TASK TO CARRY OUT:
Write out the material below again, line for line, without any images.

EXERCISE INPUTS:
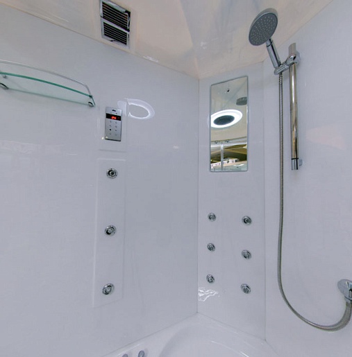 Внутри кабины установлен ручной и тропический душ, раздельный гидромассаж на 6+6 точек (отдельный – для спины), есть встроенное радио, подсветка и эффективная вентиляция. Смеситель работает в пяти разных режимах. Управление функциями осуществляется на сенсорном пульте. Предусмотрено зеркало, ручки, две полочки для принадлежностей, а также наполнитель ванны. Акриловый поддон достигает 60 см в высоту и имеет съёмный экран. Сливная система – clik-clak.
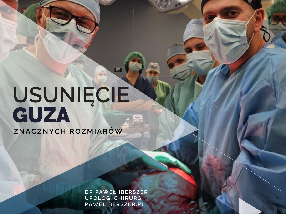 „Guz był naprawdę rekordowo duży. Wypełniał ponad połowę brzucha dużego mężczyzny. Szczęśliwie udało się go usunąć w kontrolowany sposób w zespole urologiczno-chirurgicznym. Czekamy z niecierpliwością na ekspertyzę patomorfologa, bo sami jesteśmy ciekawi co to był za „stwór”. P.S. Pacjent czuje się bardzo dobrze” — mówi dr Paweł Iberszer.
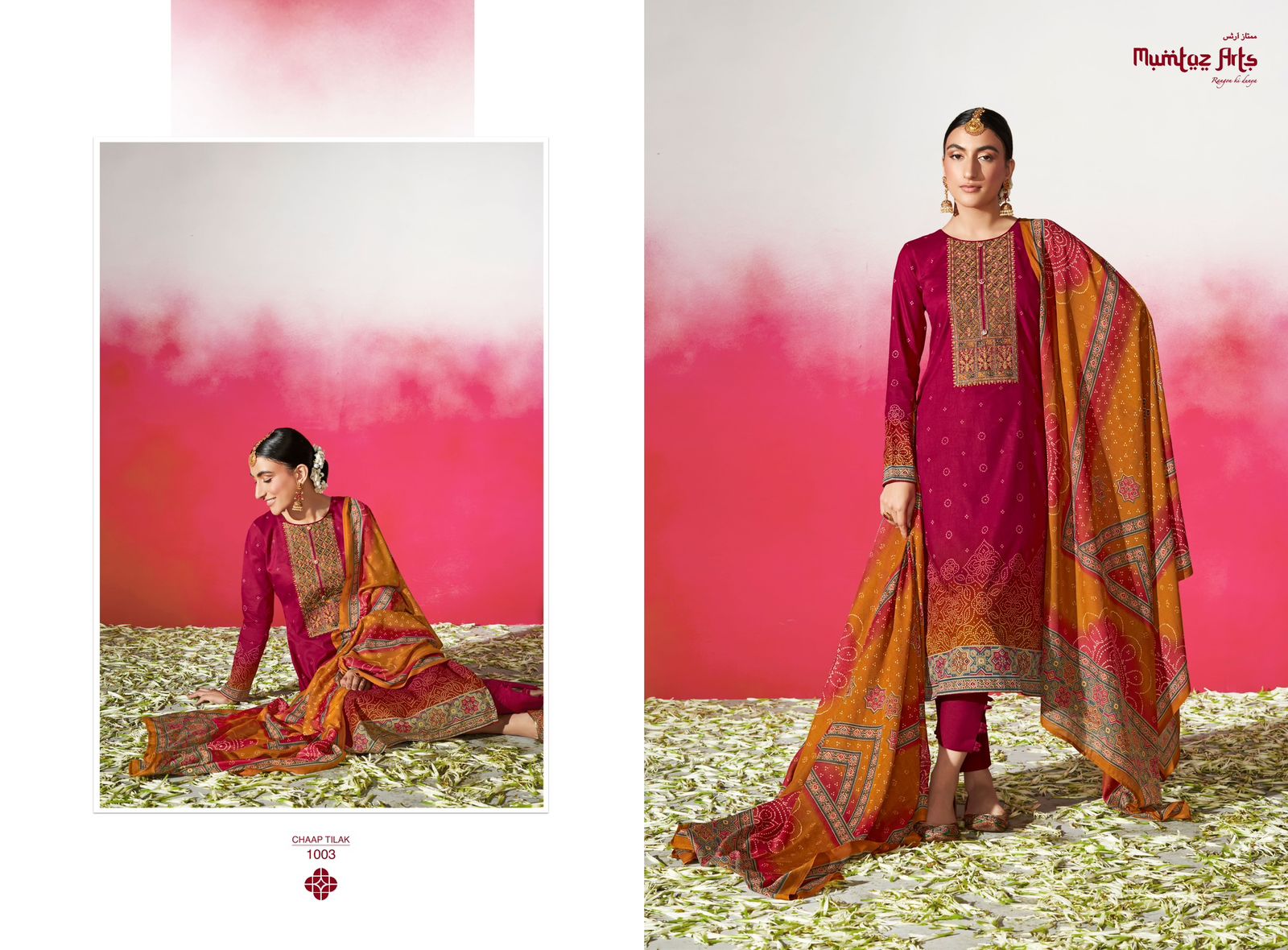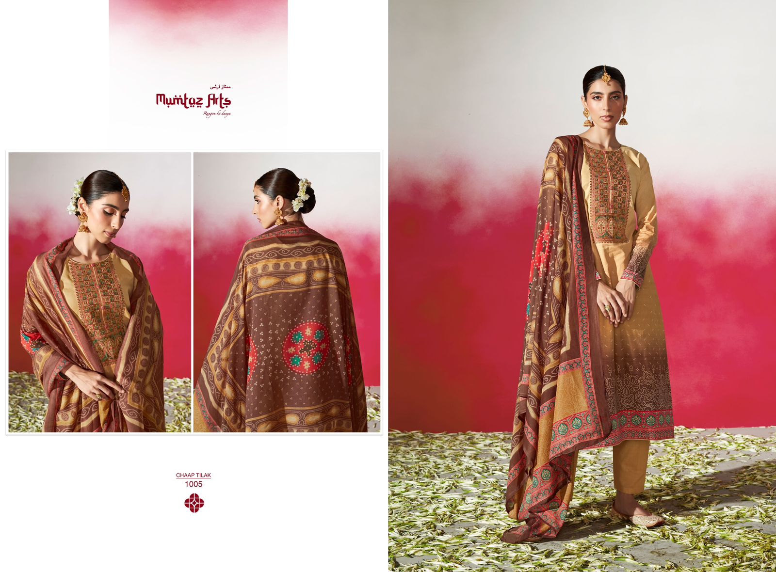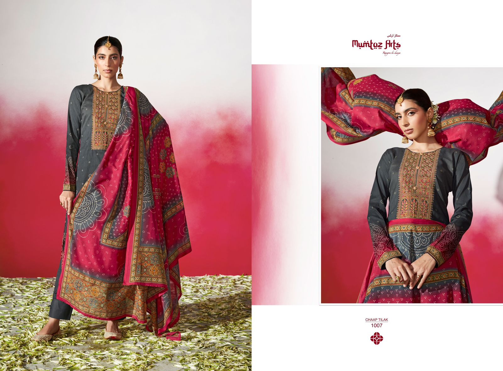Buy Online Chaap Tilak By Mumtaz Arts Digital Print Suits 8 Pcs of Full Catalogue at Wholesale Price. Looking for Chaap Tilak By Mumtaz Arts Digital Print Suits Full Catalouge at Best Price? Buy Now Chaap Tilak By Mumtaz Arts Digital Print Suits at Wholesale Rate of Rs 7000 with Total 8 Pcs from authroized dealer and supplier of MUMTAZ ARTS Brand. Cost of Each piece is just only Rs 875 which is very low and affordable price to resale the product in your retail store ,This is Surat based Wholesale Supplier & Dealer of MUMTAZ ARTS Brand. Click on Brand name to Know more about MUMTAZ ARTS Brand's products.Call or Whatsapp on 9898838984 for booking or enquiry
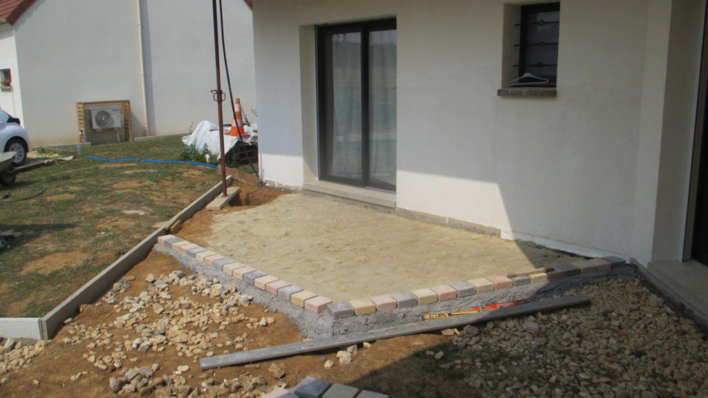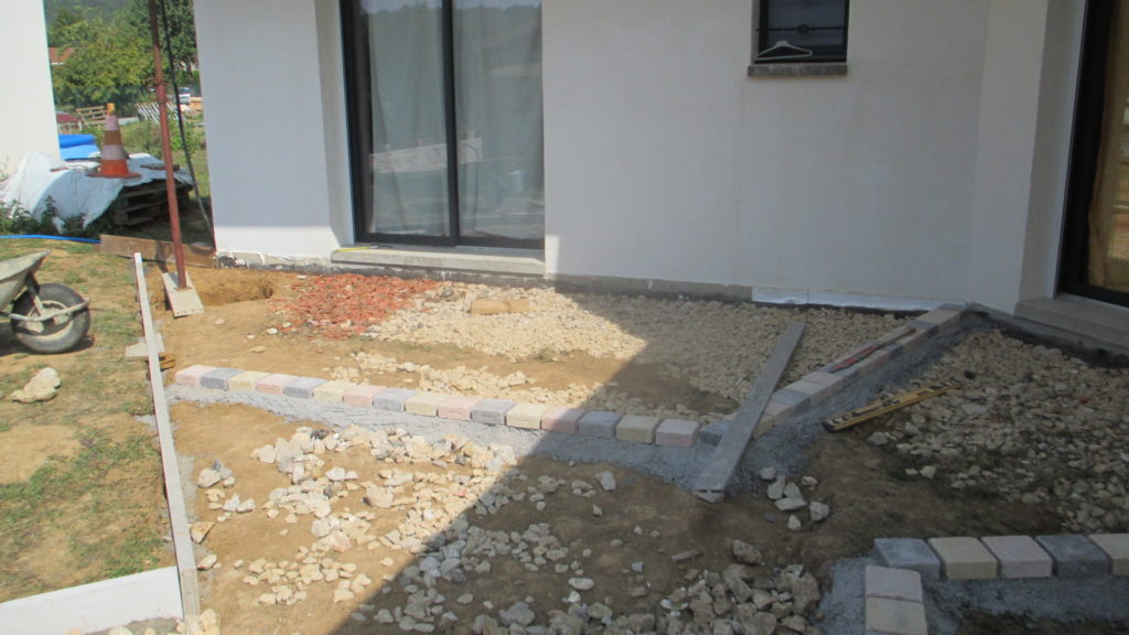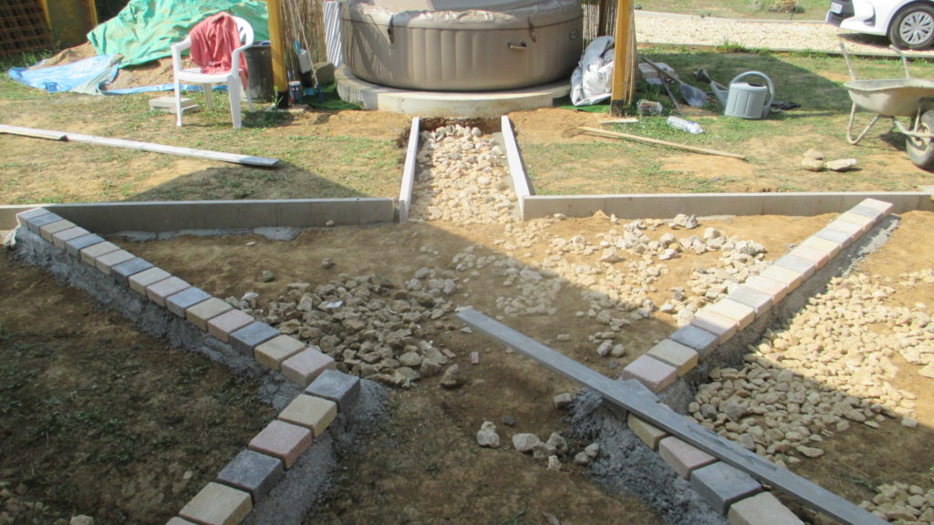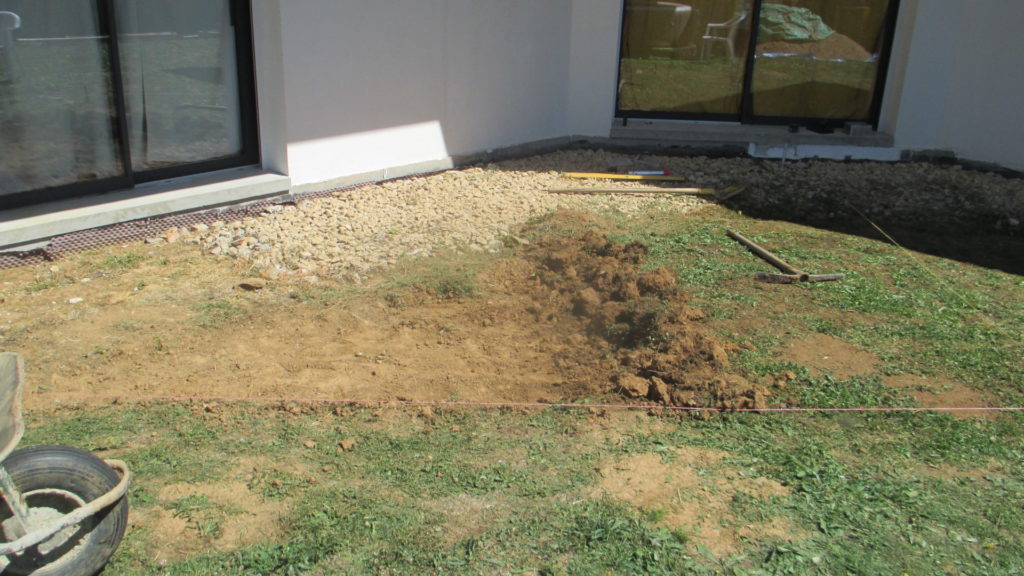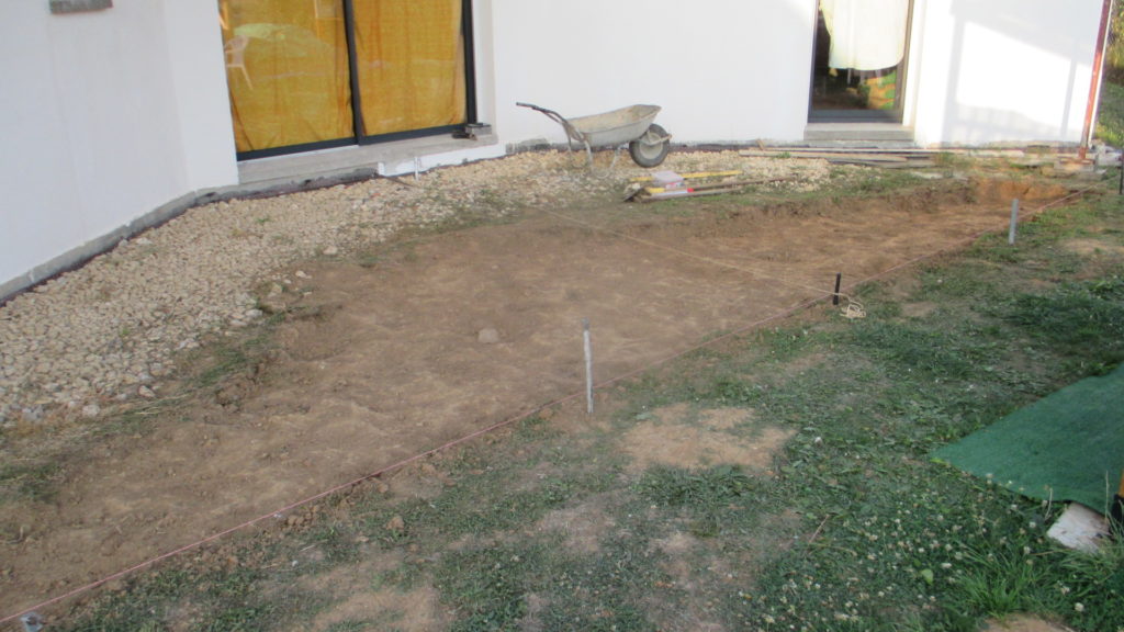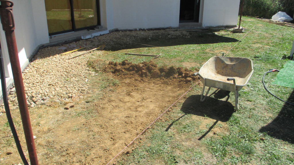 Terrasse coté sud, début avec décaissement parce que niveau trop haut :
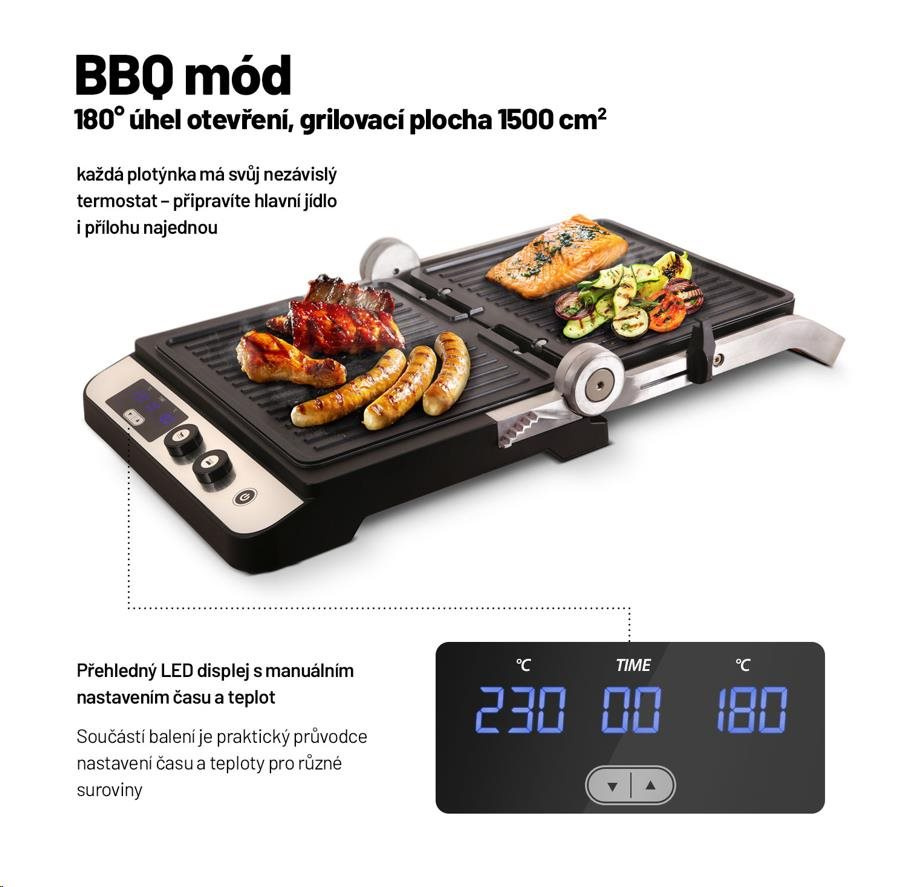Plotýnky grilu mají nastavitelnou polohu. Můžete například upravit výšku a sklon plotýnky tak, aby se snížil tlak působící na křehké suroviny, jako jsou třeba čerstvé ryby. V BBQ módu si u každé z plotýnek můžete nastavit požadovanou teplotu ohřevu separátně. Se správnou volbou teploty pro jednotlivé druhy potravin vám pomůže přiložený průvodce. Zároveň si pro každý pokrm můžete nastavit požadovaný čas přípravy, takže se nemusíte bát, že netrefíte správný stupeň propečení. Gril je vybaven i funkcí automatického vypnutí, díky vysokému výkonu se velmi rychle rozehřeje a o průběhu přípravy máte přehled díky LED displeji. V nabídce jsou i ploché plotýnky pro ještě širší možnosti grilu.
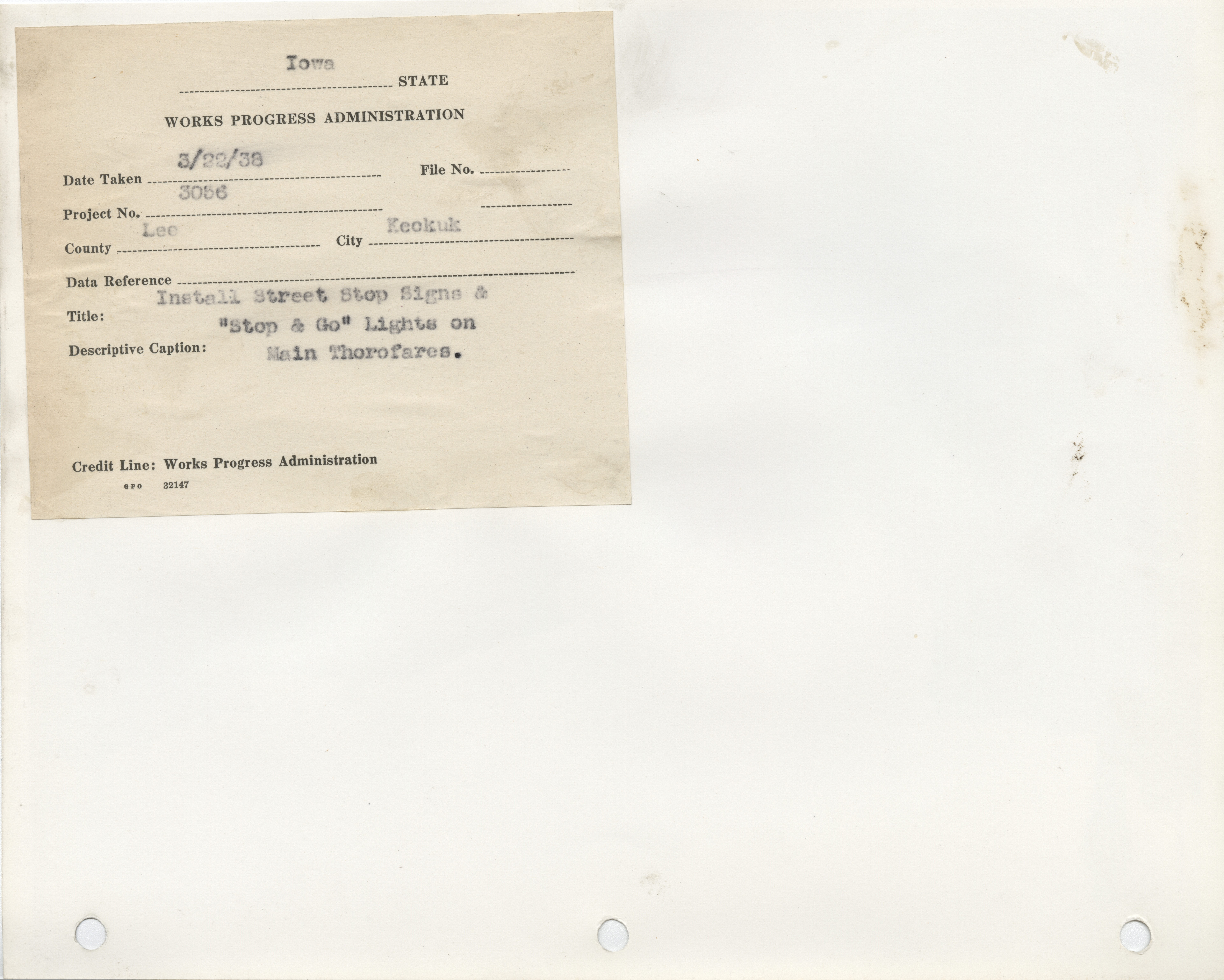 - District 2. Lee County. Keokuk. Stop Signs and Stop Lights. Project 3056. (1 b/w photograph), 1938

EXERCISE RESULT:
 Внутри кабины установлен ручной и тропический душ, раздельный гидромассаж на 6+6 точек (отдельный – для спины), есть встроенное радио, подсветка и эффективная вентиляция. Смеситель работает в пяти разных режимах. Управление функциями осуществляется на сенсорном пульте. Предусмотрено зеркало, ручки, две полочки для принадлежностей, а также наполнитель ванны. Акриловый поддон достигает 60 см в высоту и имеет съёмный экран. Сливная система – clik-clak.
 „Guz był naprawdę rekordowo duży. Wypełniał ponad połowę brzucha dużego mężczyzny. Szczęśliwie udało się go usunąć w kontrolowany sposób w zespole urologiczno-chirurgicznym. Czekamy z niecierpliwością na ekspertyzę patomorfologa, bo sami jesteśmy ciekawi co to był za „stwór”. P.S. Pacjent czuje się bardzo dobrze” — mówi dr Paweł Iberszer.
Buy Online Chaap Tilak By Mumtaz Arts Digital Print Suits 8 Pcs of Full Catalogue at Wholesale Price. Looking for Chaap Tilak By Mumtaz Arts Digital Print Suits Full Catalouge at Best Price? Buy Now Chaap Tilak By Mumtaz Arts Digital Print Suits at Wholesale Rate of Rs 7000 with Total 8 Pcs from authroized dealer and supplier of MUMTAZ ARTS Brand. Cost of Each piece is just only Rs 875 which is very low and affordable price to resale the product in your retail store ,This is Surat based Wholesale Supplier & Dealer of MUMTAZ ARTS Brand. Click on Brand name to Know more about MUMTAZ ARTS Brand's products.Call or Whatsapp on 9898838984 for booking or enquiry
 Terrasse coté sud, début avec décaissement parce que niveau trop haut :
Plotýnky grilu mají nastavitelnou polohu. Můžete například upravit výšku a sklon plotýnky tak, aby se snížil tlak působící na křehké suroviny, jako jsou třeba čerstvé ryby. V BBQ módu si u každé z plotýnek můžete nastavit požadovanou teplotu ohřevu separátně. Se správnou volbou teploty pro jednotlivé druhy potravin vám pomůže přiložený průvodce. Zároveň si pro každý pokrm můžete nastavit požadovaný čas přípravy, takže se nemusíte bát, že netrefíte správný stupeň propečení. Gril je vybaven i funkcí automatického vypnutí, díky vysokému výkonu se velmi rychle rozehřeje a o průběhu přípravy máte přehled díky LED displeji. V nabídce jsou i ploché plotýnky pro ještě širší možnosti grilu.
 - District 2. Lee County. Keokuk. Stop Signs and Stop Lights. Project 3056. (1 b/w photograph), 1938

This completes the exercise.